─── Record set

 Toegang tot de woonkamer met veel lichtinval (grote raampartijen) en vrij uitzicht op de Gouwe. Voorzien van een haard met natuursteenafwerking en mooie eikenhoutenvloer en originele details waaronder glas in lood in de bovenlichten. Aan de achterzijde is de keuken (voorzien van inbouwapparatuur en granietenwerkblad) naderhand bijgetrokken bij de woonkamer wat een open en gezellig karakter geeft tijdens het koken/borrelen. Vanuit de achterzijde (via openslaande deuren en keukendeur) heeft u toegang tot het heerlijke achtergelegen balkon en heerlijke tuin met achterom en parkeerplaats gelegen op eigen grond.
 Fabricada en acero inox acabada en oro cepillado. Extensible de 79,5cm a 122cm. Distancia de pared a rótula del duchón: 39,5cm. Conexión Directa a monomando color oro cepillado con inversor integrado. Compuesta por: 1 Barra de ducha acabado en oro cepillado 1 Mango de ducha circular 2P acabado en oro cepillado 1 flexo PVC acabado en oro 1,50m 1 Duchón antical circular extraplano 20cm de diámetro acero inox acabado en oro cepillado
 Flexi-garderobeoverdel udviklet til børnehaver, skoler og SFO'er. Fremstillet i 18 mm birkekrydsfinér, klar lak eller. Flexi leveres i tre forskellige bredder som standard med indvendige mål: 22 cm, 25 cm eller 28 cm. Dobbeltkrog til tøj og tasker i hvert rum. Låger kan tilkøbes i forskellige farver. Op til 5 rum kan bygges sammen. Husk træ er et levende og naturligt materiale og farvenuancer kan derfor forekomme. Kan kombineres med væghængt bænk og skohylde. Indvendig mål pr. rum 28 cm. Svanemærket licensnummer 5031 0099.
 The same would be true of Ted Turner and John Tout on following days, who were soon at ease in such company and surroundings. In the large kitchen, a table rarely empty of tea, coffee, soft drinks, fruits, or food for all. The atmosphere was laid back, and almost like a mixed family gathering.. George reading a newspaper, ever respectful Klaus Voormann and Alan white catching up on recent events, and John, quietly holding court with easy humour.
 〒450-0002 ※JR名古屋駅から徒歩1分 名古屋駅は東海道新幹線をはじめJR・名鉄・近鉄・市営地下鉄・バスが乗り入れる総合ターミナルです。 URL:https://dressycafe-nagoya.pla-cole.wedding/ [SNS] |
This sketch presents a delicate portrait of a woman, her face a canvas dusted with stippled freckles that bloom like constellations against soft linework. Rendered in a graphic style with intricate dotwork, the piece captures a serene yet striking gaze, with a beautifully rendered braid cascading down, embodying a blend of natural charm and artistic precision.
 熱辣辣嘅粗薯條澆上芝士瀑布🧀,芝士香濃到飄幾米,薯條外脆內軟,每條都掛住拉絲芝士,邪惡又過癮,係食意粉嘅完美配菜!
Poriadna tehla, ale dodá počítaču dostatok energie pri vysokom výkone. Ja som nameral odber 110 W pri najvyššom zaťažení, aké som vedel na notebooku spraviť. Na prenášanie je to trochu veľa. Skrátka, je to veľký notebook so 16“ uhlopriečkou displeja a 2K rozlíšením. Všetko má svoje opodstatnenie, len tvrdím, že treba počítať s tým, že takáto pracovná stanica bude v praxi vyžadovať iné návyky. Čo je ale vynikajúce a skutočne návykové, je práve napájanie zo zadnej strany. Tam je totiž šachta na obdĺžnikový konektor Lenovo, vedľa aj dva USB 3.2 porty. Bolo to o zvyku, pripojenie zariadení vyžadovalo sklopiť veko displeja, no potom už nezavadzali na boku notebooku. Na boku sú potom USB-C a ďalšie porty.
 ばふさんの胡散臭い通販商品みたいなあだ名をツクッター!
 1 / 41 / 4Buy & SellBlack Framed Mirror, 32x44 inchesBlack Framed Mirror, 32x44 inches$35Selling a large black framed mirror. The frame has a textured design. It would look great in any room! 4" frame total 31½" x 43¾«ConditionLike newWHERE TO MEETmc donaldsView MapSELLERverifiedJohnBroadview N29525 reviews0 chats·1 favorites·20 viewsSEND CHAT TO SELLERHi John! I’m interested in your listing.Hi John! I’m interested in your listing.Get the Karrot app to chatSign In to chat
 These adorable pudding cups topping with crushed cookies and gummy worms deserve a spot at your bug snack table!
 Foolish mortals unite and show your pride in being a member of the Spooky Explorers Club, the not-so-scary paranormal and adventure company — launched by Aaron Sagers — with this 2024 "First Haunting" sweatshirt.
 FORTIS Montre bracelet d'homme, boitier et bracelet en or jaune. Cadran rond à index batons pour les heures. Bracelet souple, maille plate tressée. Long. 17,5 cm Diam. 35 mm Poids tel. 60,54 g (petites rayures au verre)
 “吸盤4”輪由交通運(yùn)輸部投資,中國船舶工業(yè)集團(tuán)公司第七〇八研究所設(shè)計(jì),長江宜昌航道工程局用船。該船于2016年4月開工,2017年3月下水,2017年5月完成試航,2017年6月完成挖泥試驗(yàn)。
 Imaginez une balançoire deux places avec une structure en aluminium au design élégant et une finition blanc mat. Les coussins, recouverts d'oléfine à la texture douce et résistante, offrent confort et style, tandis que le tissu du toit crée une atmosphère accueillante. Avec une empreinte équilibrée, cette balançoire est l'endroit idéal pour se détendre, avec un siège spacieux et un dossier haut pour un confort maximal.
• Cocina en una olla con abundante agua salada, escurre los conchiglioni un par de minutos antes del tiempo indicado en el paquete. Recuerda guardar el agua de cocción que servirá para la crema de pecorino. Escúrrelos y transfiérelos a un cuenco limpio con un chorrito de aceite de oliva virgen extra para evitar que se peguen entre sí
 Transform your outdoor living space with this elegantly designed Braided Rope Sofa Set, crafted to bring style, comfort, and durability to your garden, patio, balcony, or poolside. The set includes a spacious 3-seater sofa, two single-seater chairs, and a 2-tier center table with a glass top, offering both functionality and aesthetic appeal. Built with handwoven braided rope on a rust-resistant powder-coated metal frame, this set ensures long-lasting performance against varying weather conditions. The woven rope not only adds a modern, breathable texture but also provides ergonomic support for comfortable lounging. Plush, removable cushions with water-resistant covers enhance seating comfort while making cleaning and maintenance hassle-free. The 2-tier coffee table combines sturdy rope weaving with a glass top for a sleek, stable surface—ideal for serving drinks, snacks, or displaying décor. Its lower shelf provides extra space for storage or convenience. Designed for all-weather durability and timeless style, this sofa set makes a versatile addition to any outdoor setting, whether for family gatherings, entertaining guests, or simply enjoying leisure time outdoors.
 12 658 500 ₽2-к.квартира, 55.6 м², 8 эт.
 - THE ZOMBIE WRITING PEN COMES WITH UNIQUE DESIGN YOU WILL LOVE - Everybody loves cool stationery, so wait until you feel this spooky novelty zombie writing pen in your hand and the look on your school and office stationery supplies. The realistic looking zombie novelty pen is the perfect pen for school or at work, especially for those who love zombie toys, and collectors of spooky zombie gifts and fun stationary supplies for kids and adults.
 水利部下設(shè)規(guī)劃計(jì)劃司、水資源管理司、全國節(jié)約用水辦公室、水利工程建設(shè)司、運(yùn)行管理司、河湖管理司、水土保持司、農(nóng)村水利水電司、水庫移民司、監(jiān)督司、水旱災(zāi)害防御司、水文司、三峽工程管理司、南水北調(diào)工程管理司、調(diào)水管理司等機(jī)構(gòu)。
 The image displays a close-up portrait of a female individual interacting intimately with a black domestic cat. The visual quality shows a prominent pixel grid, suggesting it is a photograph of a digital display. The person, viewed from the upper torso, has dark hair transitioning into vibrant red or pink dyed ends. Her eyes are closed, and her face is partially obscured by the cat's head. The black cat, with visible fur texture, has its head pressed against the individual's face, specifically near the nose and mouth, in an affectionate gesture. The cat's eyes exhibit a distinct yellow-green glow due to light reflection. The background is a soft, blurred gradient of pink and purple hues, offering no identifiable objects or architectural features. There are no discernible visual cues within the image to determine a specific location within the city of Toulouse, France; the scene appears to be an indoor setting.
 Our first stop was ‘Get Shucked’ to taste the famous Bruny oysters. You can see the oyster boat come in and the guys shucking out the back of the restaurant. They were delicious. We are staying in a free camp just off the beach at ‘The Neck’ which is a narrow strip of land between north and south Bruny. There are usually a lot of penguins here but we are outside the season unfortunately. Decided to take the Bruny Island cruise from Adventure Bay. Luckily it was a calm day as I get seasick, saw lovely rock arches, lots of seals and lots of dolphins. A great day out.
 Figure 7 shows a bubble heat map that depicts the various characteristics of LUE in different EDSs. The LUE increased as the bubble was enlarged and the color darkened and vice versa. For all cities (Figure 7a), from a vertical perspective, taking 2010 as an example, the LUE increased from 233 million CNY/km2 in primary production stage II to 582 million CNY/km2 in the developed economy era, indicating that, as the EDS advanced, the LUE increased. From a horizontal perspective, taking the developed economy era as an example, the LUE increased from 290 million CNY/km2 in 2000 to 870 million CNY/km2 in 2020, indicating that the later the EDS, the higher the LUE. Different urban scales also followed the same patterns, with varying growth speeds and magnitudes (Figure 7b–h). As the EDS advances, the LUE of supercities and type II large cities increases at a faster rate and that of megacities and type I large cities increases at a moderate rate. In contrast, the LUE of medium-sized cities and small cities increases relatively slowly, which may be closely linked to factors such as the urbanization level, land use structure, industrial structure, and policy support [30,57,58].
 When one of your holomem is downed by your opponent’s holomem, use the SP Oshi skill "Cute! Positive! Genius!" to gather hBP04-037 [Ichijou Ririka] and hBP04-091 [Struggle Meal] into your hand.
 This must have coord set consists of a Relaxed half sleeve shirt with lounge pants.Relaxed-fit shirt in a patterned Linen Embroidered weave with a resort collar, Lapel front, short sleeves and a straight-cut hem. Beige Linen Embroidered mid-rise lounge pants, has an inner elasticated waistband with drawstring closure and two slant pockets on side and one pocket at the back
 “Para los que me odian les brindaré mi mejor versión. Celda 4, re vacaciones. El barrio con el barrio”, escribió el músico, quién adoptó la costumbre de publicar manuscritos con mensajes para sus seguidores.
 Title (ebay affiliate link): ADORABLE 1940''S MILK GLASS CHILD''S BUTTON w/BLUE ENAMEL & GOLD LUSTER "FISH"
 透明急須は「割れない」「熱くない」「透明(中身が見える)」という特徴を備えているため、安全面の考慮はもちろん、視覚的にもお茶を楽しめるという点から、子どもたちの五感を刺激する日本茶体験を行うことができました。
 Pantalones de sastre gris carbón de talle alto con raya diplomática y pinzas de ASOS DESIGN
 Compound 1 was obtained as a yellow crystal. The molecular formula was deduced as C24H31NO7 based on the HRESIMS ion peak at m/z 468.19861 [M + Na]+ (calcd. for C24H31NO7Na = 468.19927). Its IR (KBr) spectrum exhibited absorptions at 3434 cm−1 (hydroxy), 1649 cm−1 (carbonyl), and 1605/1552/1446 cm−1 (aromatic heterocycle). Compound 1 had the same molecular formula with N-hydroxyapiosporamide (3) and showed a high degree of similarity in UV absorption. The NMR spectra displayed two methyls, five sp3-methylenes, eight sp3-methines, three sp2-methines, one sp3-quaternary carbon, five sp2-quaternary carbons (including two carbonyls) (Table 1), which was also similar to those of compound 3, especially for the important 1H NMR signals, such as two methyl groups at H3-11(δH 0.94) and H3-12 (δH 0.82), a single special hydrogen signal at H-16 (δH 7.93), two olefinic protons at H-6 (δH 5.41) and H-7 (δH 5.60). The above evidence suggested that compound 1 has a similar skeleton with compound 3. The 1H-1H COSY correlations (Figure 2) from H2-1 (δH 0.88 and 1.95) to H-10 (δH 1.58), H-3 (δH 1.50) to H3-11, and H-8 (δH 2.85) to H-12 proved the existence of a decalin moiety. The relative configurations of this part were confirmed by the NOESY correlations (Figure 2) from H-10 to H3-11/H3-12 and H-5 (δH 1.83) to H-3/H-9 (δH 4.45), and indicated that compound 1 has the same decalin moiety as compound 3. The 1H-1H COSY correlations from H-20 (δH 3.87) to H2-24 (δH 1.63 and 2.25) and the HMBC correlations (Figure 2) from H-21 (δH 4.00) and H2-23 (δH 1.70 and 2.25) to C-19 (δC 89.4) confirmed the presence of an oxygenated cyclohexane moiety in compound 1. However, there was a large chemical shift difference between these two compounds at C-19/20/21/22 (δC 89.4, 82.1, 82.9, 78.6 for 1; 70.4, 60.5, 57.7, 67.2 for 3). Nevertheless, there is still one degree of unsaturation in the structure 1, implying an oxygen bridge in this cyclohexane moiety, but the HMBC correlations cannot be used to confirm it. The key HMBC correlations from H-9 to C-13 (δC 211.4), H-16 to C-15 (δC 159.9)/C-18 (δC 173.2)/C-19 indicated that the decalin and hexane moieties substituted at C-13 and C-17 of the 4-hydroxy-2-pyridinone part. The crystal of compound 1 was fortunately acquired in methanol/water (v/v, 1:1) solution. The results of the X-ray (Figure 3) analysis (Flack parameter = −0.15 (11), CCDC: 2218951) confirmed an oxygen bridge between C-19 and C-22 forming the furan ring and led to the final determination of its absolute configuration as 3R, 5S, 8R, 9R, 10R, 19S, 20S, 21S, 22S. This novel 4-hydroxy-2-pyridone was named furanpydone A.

──────

### What is needed:
Taking the line with "水利部下設(shè)規(gu" as the first and the line with "The image displays" as the last, retype that stretch of the data above exactly, with no other lines.

### Finished exercise:
 水利部下設(shè)規(guī)劃計(jì)劃司、水資源管理司、全國節(jié)約用水辦公室、水利工程建設(shè)司、運(yùn)行管理司、河湖管理司、水土保持司、農(nóng)村水利水電司、水庫移民司、監(jiān)督司、水旱災(zāi)害防御司、水文司、三峽工程管理司、南水北調(diào)工程管理司、調(diào)水管理司等機(jī)構(gòu)。
 The image displays a close-up portrait of a female individual interacting intimately with a black domestic cat. The visual quality shows a prominent pixel grid, suggesting it is a photograph of a digital display. The person, viewed from the upper torso, has dark hair transitioning into vibrant red or pink dyed ends. Her eyes are closed, and her face is partially obscured by the cat's head. The black cat, with visible fur texture, has its head pressed against the individual's face, specifically near the nose and mouth, in an affectionate gesture. The cat's eyes exhibit a distinct yellow-green glow due to light reflection. The background is a soft, blurred gradient of pink and purple hues, offering no identifiable objects or architectural features. There are no discernible visual cues within the image to determine a specific location within the city of Toulouse, France; the scene appears to be an indoor setting.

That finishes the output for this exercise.